Collected data
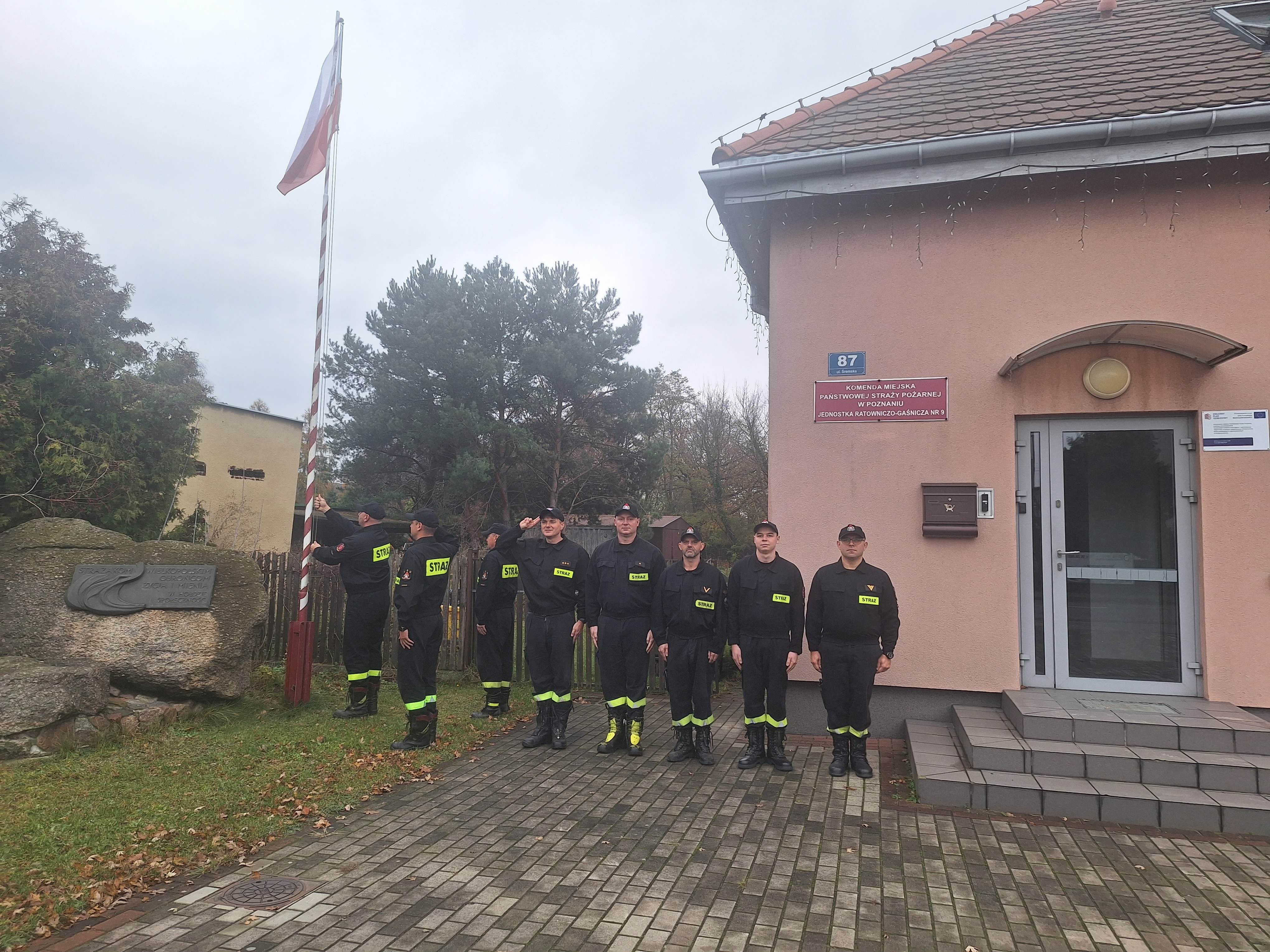 W dniu rocznicy odzyskania przez Polskę niepodległości, funkcjonariusze Jednostek Ratowniczo-Gaśniczych Komendy Miejskiej Państwowej Straży Pożarnej w Poznaniu zorganizowali uroczyste zbiórki. Podczas tych wydarzeń wciągnięto flagi na maszty, a także odśpiewano Hymn Narodowy.
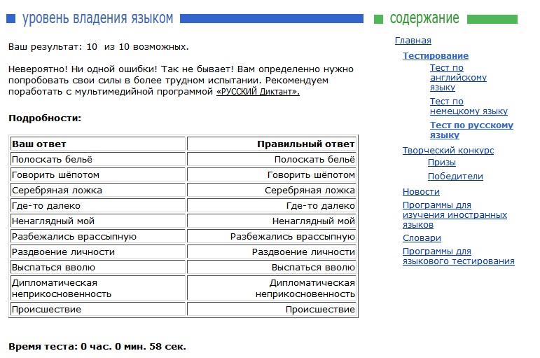 но второй раз Ваш результат: 10 из 10 возможных. уфф.. 45 сек
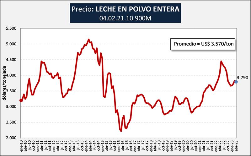 En el gráfico siguiente se puede observar la evolución del precio de la Leche en Polvo Entera en bolsas de 25 kgs. con el nomenclador Común Arancelario 04.02.21.10 900M actualizado hasta el mes de abril de 2023:

Goal of the exercise
Every line of the listing is to be repeated exactly, and the pictures are to be dropped.

Task solution
 W dniu rocznicy odzyskania przez Polskę niepodległości, funkcjonariusze Jednostek Ratowniczo-Gaśniczych Komendy Miejskiej Państwowej Straży Pożarnej w Poznaniu zorganizowali uroczyste zbiórki. Podczas tych wydarzeń wciągnięto flagi na maszty, a także odśpiewano Hymn Narodowy.
 но второй раз Ваш результат: 10 из 10 возможных. уфф.. 45 сек
 En el gráfico siguiente se puede observar la evolución del precio de la Leche en Polvo Entera en bolsas de 25 kgs. con el nomenclador Común Arancelario 04.02.21.10 900M actualizado hasta el mes de abril de 2023:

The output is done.